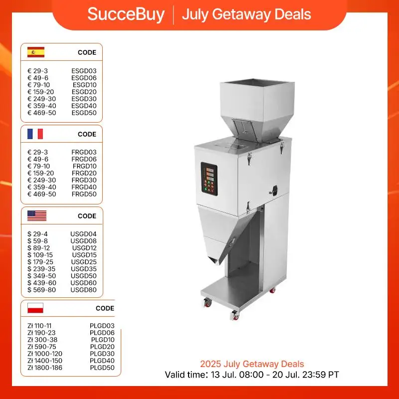 SucceBuy 10-999g Particle Filling Machine Automatic Powder Weighing Filler with Foot Pedal for Beans Seeds Tea Granular Packing
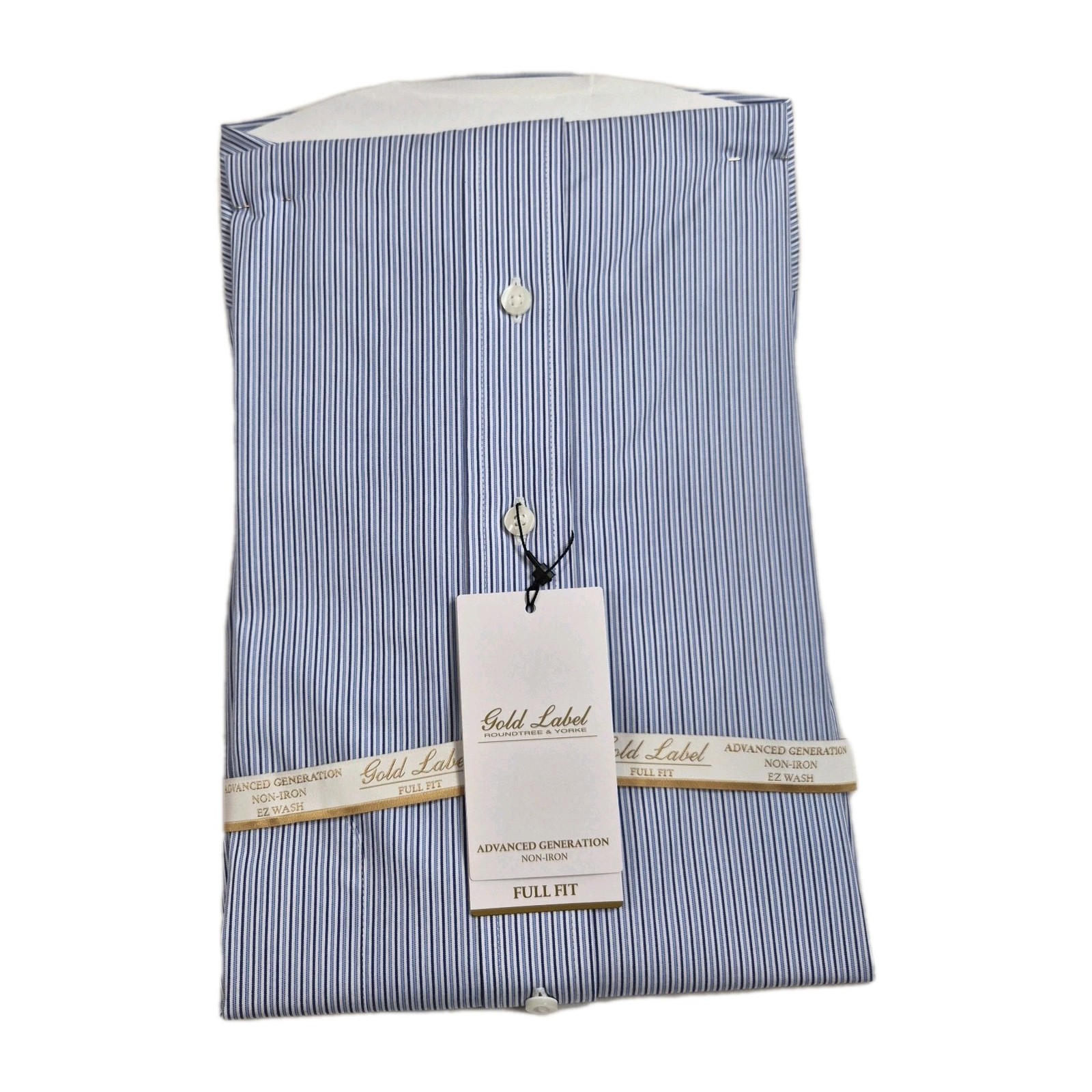 Roundtree Yorke Gold Label Men Shirt Size 16.5 33 Blue Striped Fullfit Poplin 60
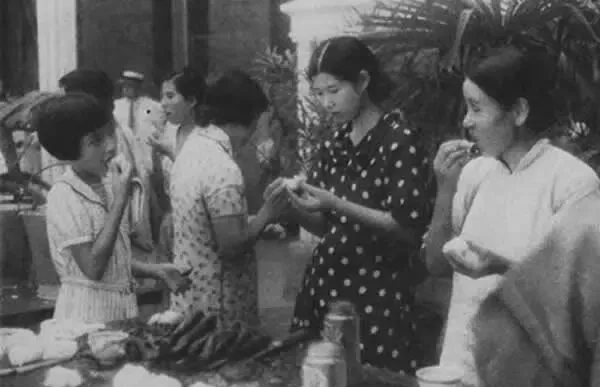 这群姑娘图上满满的都是旧时光的味道,档案标注说是北平沦陷后日本侨民暂避大使馆时的情景,一个个穿着印花裙衫,手里捏着团子,背后是一派青葱的树影,脸上说不上轻松,却带着点小心翼翼的安稳,大家都挤在一起,彼此说着些什么,气氛跟外头枪声格格不入。
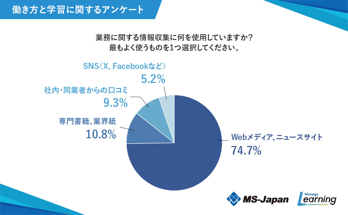 情報収集の手段については、「Webメディア、ニュースサイト」が74.7%と他を大きく引き離す結果となりました。全体の約4分の3が、Web上のメディアをメインの情報源としており、即時性と検索性の高さが実務において不可欠となっていることが推察されます。

_Problem_:
Restate every line above word for word. Do not carry over the images.

_Exercise response_:
 SucceBuy 10-999g Particle Filling Machine Automatic Powder Weighing Filler with Foot Pedal for Beans Seeds Tea Granular Packing
 Roundtree Yorke Gold Label Men Shirt Size 16.5 33 Blue Striped Fullfit Poplin 60
 这群姑娘图上满满的都是旧时光的味道,档案标注说是北平沦陷后日本侨民暂避大使馆时的情景,一个个穿着印花裙衫,手里捏着团子,背后是一派青葱的树影,脸上说不上轻松,却带着点小心翼翼的安稳,大家都挤在一起,彼此说着些什么,气氛跟外头枪声格格不入。
 情報収集の手段については、「Webメディア、ニュースサイト」が74.7%と他を大きく引き離す結果となりました。全体の約4分の3が、Web上のメディアをメインの情報源としており、即時性と検索性の高さが実務において不可欠となっていることが推察されます。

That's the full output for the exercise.